Breast cancer

Health problems caused by benign tumors of the breast – breast cancer

Papillomas is ductal epithelial proliferation with fibrovascular support (true tumors, unlike ductal hyperplasia for which the term is sometimes used papillomatosis) according to the predominant cystic component are chistadenoame, respectively, papillary adenoma, if it develops in the lumen of the dilated a duct are called intrachistice. The most commonly develops in the ducts lactifere large subareolar case in which they are located, may become large and cause nipple discharge, sometimes develop from smaller ducts, in which case can be multiple and localized to the side.
Cysts are the most common “tumors” of the breast. Are related to tumor type papillomas, shows histological framed Apocrine metaplasia (large cysts have a wall composed of apocrine cell layer). Intraoperative they look dark (“blue dome cysts”) can treat and discharge simply because it ever raise the suspicion of malignancy.

Atypical ductal hyperplasia is characterized by the presence of three or more cell layers near the basement membrane in a lobular or ductal unit.

Fibroepithelial tumors
Fibroadenoma is an encapsulated tumor that contains both glandular tissue and connective tissue, it can be present in juvenile and giant forms. The notion of complex fibroadenoma refers to fibroadenomas that shows: cystic formations larger than 3 cm sclerosing lesions, epithelial calcifications, papillary apocrine changes.
Benign phyllodes tumor variant is difficult to distinguish from fibroadenoma, is a variant intracanalicular it. Most tumor is given in areas dense connective tissue, edematous or gelatinous; cysts may occur in areas of necrosis, degeneration, etc.. Sarcomatous transformation may occur. Clinic: occurs in young women, sometimes under 18. The tumor is large, sometimes gigantic heterogeneous consistency which does not change overall, do not adhere to surrounding tissues, no lymphadenopathy, skin is relaxed, shiny can ulcerate and become infected. At mammography appear calcification and necrosis areas.
Treatment: small tumors – involving a resection margin of 1 cm.
For histopathology specified, especially if there are elements malignant biopsy is reexcizeaza the edges. Large tumors or malignant elements – mamectomie simple.
Pure breast adenoma – is very rare, being a pure epithelial proliferation. It has two forms:

  •   Form acini – normal acini or cystic proliferation;
  •   Tubular form – sometimes occurs during lactation (lactating adenoma), the tubular type.

Treatment: sectorectomy with extemporaneous examination.

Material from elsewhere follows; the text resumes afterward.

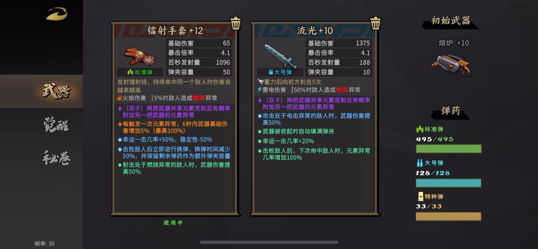 最后的时候在行脚商买了个给1~3个卷轴,结果就成这样了。本来拿普通打算测一下一脚超人,结果最后来了一波这个,而且一次给的卷轴还不能扔。😂 本次的核心无光之盾3次免伤,和极光之蛊的暴击出电球火球,再加上双子,可以直接打出3元素,再加上最后一波不知道怎么回事,不知道是不是把boss攒能时,默认成不是敌人,加上武器有回收子弹直接把boss秒了。

Adenoza and sclerosing lesions
Adenoza term can refer to any process of glandular tissue hyperplasia (proliferation ductulilor acini and terminal) in this regard adenoza can be included in the entity called fibrocystic disease, the most common variant is the sclera (adenoza sclerosing), accompanied by stromal proliferation. Another is scar radial sclerosing lesion. Both lesions can be mistaken for breast carcinoma after some authors signify increased risk of developing breast neoplasia.
Mastoza fibrocystic disease (Reclus) is a proliferative lesion that occurs in women around 30 years, but can be seen at any age. It is characterized by: hiperfoliculinemie, hyperthyroidism or thyroid genital hipofunctii.
Macroscopic: multiple cysts of various sizes, clear or cloudy liquid yellow-brown, surrounded by sclerotic tissue. Predominant one of the two components.
Microscope microchiste walled fibrous sclerosis separates them, wallpaper of multiple cylindrical epithelium mitochondria secretory granules, hypo breast tissue or atrophic epithelial changes can give malignancies.
Clinic shows local pain or discomfort, spontaneous or induced, especially during menstruation. Palpation reveals tumor sizes (from a few millimeters up to 2-3 cm) disseminated or grouped, uni or bilateral, mobile, firm, slightly painful, increase in menstrual period. Do not give axillary lymphadenopathy.

  • Early forms or sector, in women under 35 years – conservative treatment, hormone, local applications (Mastoprofen) after pregnancy and breastfeeding, the disease may regress
  • Forms with rapid growth and hormonal medication ineffective – sectorectomy
  • Diffuse forms comprising all gland – mamectomie subcutaneous.